- [INFORMATION PROVIDED]
»»

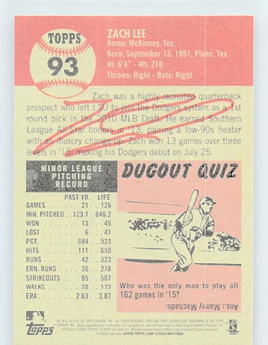 2016 Topps Archives #93 Zach Lee NM-MT RC Rookie Dodgers 1953 Design ID:1539
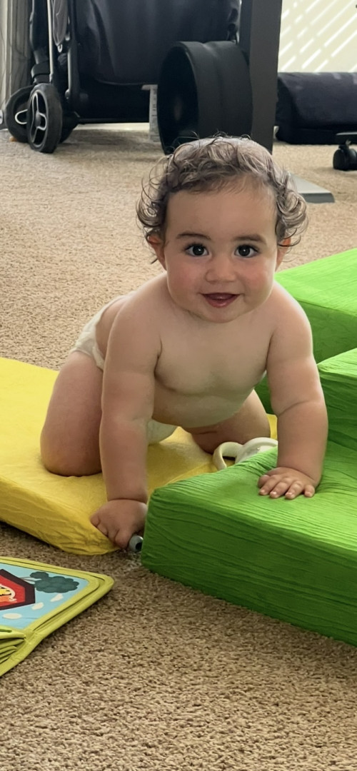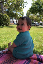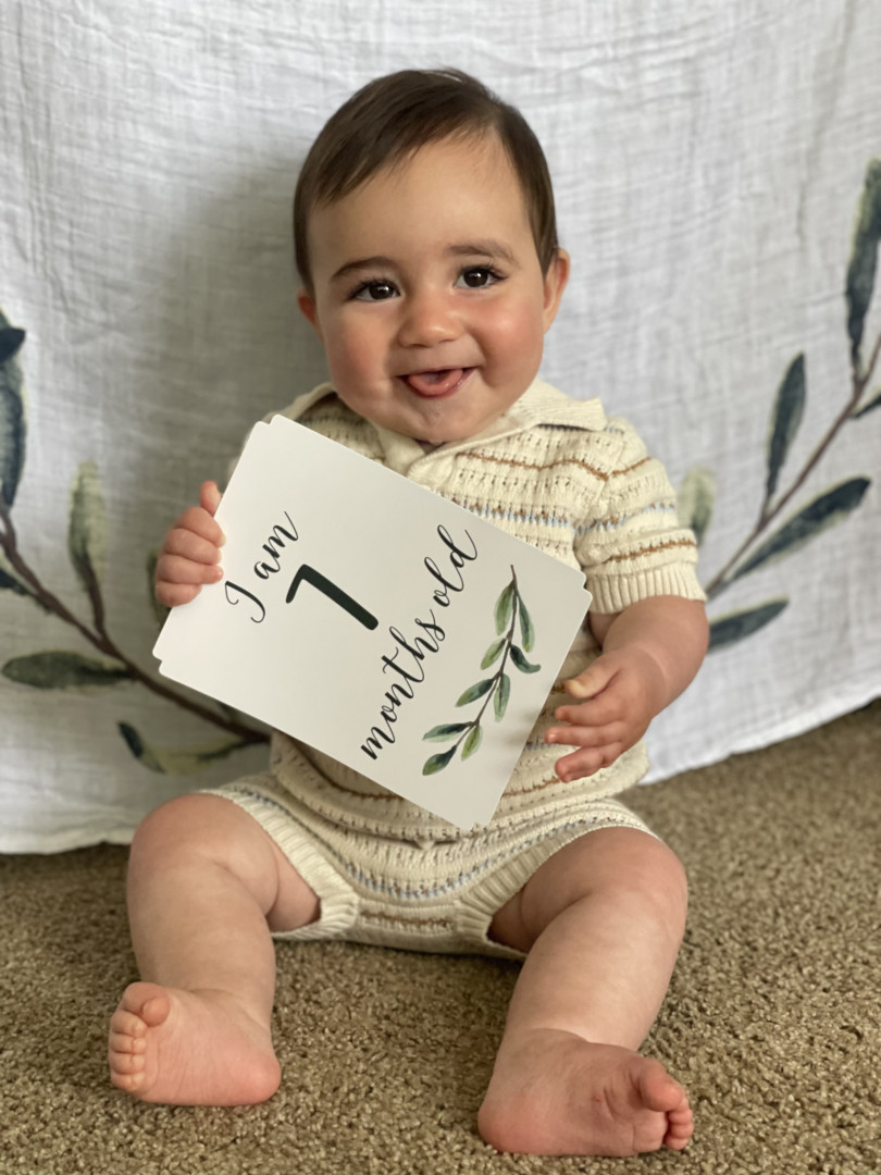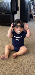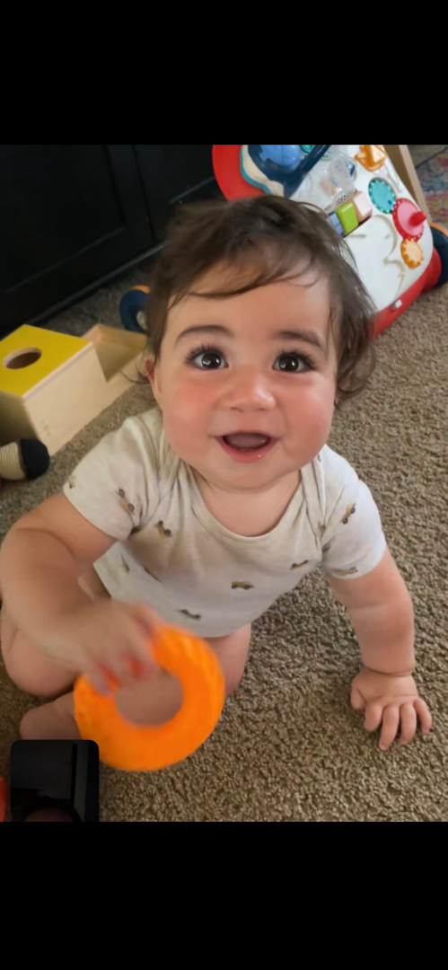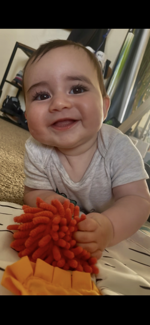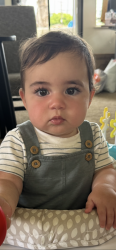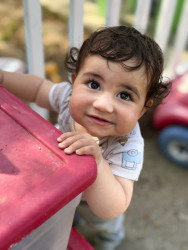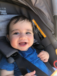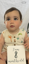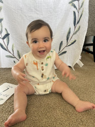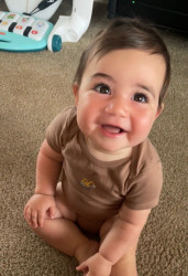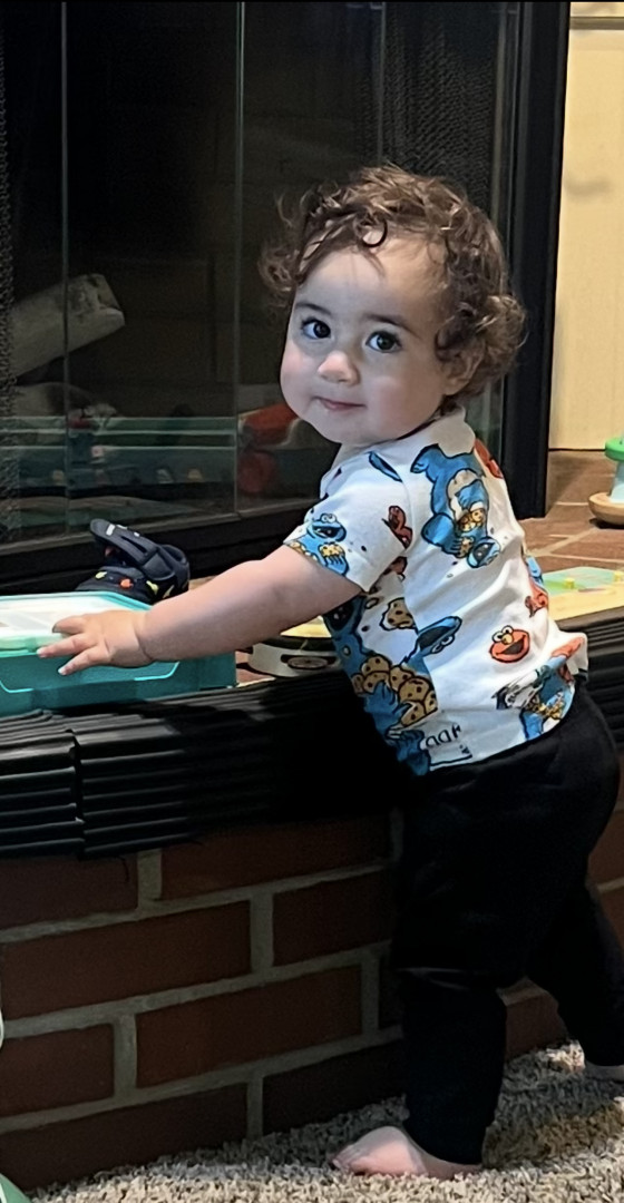 Cyrus is sweet, observant, and loves to give slobbery kisses. He can be very serious and make us work for laughs at times, but when he does give us a belly laugh he melts our hearts. He is the light of our world and is getting more and more curious about the world around him everyday. He loves to watch and learn from other kids and is known at daycare as a dinosaur because of the sound he makes.
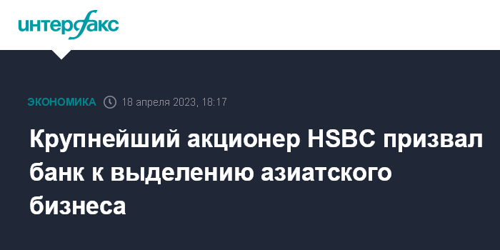 Крупнейший акционер HSBC призвал банк к выделению азиатского бизнеса
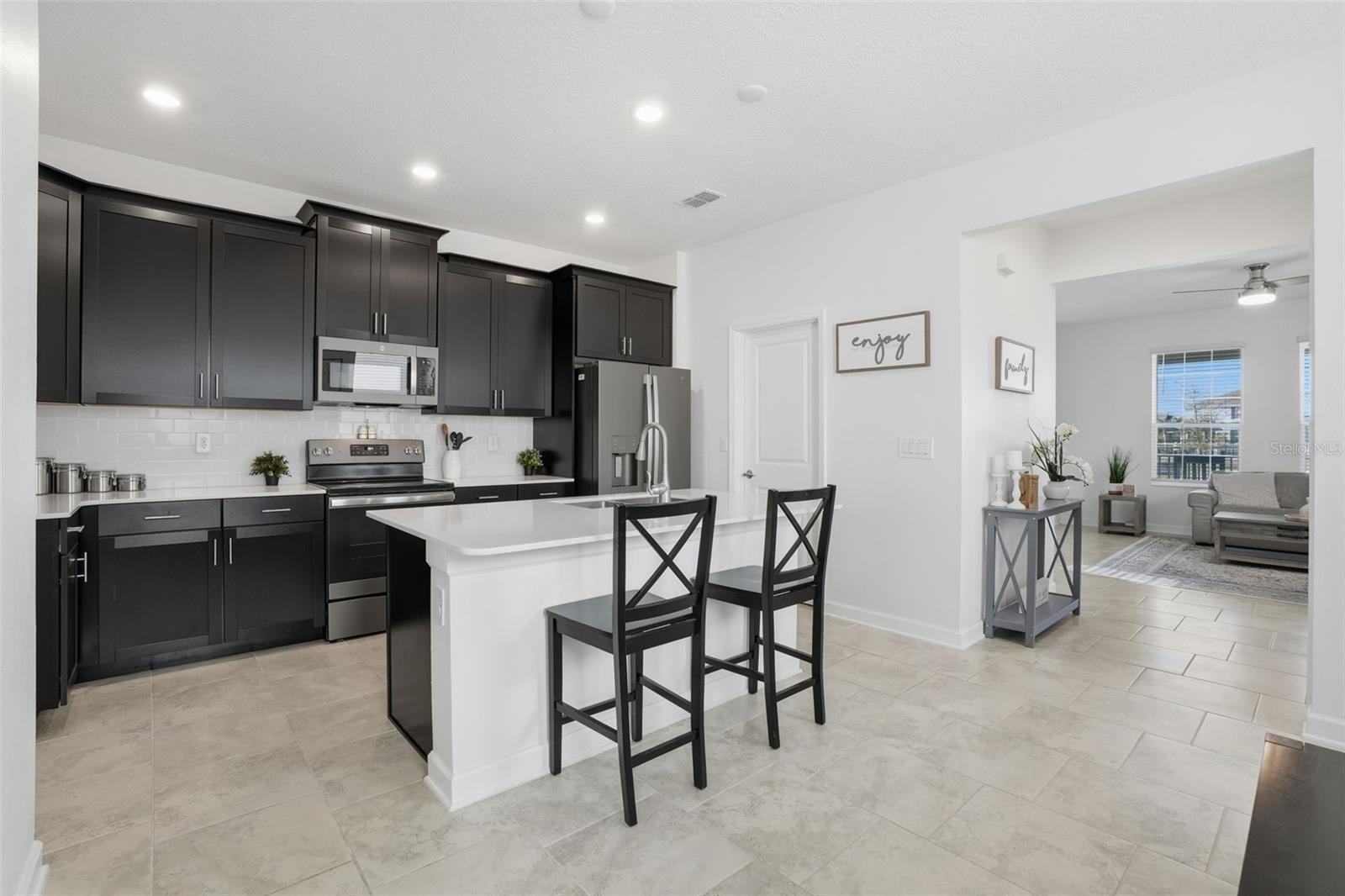 Bem-vindo ao 11723 Apostrophe Alley, uma bela e nova casa de três quartos e dois banheiros e meio localizada na tão procurada comunidade de Storey Park. Esta encantadora casa sem elevador oferece excelente apelo ao meio-fio e possui uma garagem para dois carros na entrada traseira com uma calçada de pedra para maior comodidade. Uma relaxante varanda coberta recebe você em casa e tem vista para um grande espaço verde e parque para cães, tornando-o o local perfeito para desfrutar do café da manhã ou relaxar enquanto observa os cães brincarem. No interior, a casa está repleta de luz natural e oferece um ambiente luminoso e convidativo. O primeiro andar possui piso de cerâmica, um lavabo conveniente e um layout espaçoso de conceito aberto. A cozinha é lindamente projetada com bancadas de quartzo, backsplash de azulejos de metrô, armários de madeira escura com ferragens prateadas, eletrodomésticos de aço inoxidável, uma grande ilha central, balcão para café da manhã e uma despensa grande. A cozinha flui perfeitamente para a área de jantar e vários espaços de estar, incluindo uma sala familiar adicional que é ideal para entretenimento. Uma lavanderia dedicada leva à passarela externa, perfeita para grelhar e com fácil acesso à garagem. No andar de cima, você encontrará carpetes macios, ventiladores de teto em todos os quartos e azulejos de cerâmica nas áreas úmidas. A espaçosa suíte principal oferece um retiro tranquilo e dispõe de um amplo banheiro privativo com pias duplas, banheira de jardim e chuveiro separado. Os dois quartos adicionais compartilham um banheiro estilo Jack e Jill completo com pias duplas e uma combinação de banheira e chuveiro. ESTA CASA ESTÁ ZONEADA PARA A NOVA ESCOLA DE SEGUNDO MÉDIO DE INOVAÇÃO e está localizada perto de escolas altamente conceituadas. Os painéis solares proporcionam eficiência energética e economia adicional de custos. Os residentes do Storey Park desfrutam de uma impressionante variedade de comodidades comunitárias, incluindo piscina em estilo resort, quadras de basquete e vôlei, playgrounds e trilhas para caminhada. Um novíssimo shopping center Publix fica nas proximidades, e a localização oferece excelente acesso ao Aeroporto Internacional de Orlando, ao centro de Orlando, às principais rodovias, parques temáticos e praias. Esta casa pronta para morar combina conforto, eficiência e uma localização imbatível. Agende sua exibição privada hoje.

««

- [REQUIREMENT] Set down the material once more, exactly, with the pictures omitted.

- [ANSWER FOR THE TASK]
 2016 Topps Archives #93 Zach Lee NM-MT RC Rookie Dodgers 1953 Design ID:1539
 Cyrus is sweet, observant, and loves to give slobbery kisses. He can be very serious and make us work for laughs at times, but when he does give us a belly laugh he melts our hearts. He is the light of our world and is getting more and more curious about the world around him everyday. He loves to watch and learn from other kids and is known at daycare as a dinosaur because of the sound he makes.
 Крупнейший акционер HSBC призвал банк к выделению азиатского бизнеса
 Bem-vindo ao 11723 Apostrophe Alley, uma bela e nova casa de três quartos e dois banheiros e meio localizada na tão procurada comunidade de Storey Park. Esta encantadora casa sem elevador oferece excelente apelo ao meio-fio e possui uma garagem para dois carros na entrada traseira com uma calçada de pedra para maior comodidade. Uma relaxante varanda coberta recebe você em casa e tem vista para um grande espaço verde e parque para cães, tornando-o o local perfeito para desfrutar do café da manhã ou relaxar enquanto observa os cães brincarem. No interior, a casa está repleta de luz natural e oferece um ambiente luminoso e convidativo. O primeiro andar possui piso de cerâmica, um lavabo conveniente e um layout espaçoso de conceito aberto. A cozinha é lindamente projetada com bancadas de quartzo, backsplash de azulejos de metrô, armários de madeira escura com ferragens prateadas, eletrodomésticos de aço inoxidável, uma grande ilha central, balcão para café da manhã e uma despensa grande. A cozinha flui perfeitamente para a área de jantar e vários espaços de estar, incluindo uma sala familiar adicional que é ideal para entretenimento. Uma lavanderia dedicada leva à passarela externa, perfeita para grelhar e com fácil acesso à garagem. No andar de cima, você encontrará carpetes macios, ventiladores de teto em todos os quartos e azulejos de cerâmica nas áreas úmidas. A espaçosa suíte principal oferece um retiro tranquilo e dispõe de um amplo banheiro privativo com pias duplas, banheira de jardim e chuveiro separado. Os dois quartos adicionais compartilham um banheiro estilo Jack e Jill completo com pias duplas e uma combinação de banheira e chuveiro. ESTA CASA ESTÁ ZONEADA PARA A NOVA ESCOLA DE SEGUNDO MÉDIO DE INOVAÇÃO e está localizada perto de escolas altamente conceituadas. Os painéis solares proporcionam eficiência energética e economia adicional de custos. Os residentes do Storey Park desfrutam de uma impressionante variedade de comodidades comunitárias, incluindo piscina em estilo resort, quadras de basquete e vôlei, playgrounds e trilhas para caminhada. Um novíssimo shopping center Publix fica nas proximidades, e a localização oferece excelente acesso ao Aeroporto Internacional de Orlando, ao centro de Orlando, às principais rodovias, parques temáticos e praias. Esta casa pronta para morar combina conforto, eficiência e uma localização imbatível. Agende sua exibição privada hoje.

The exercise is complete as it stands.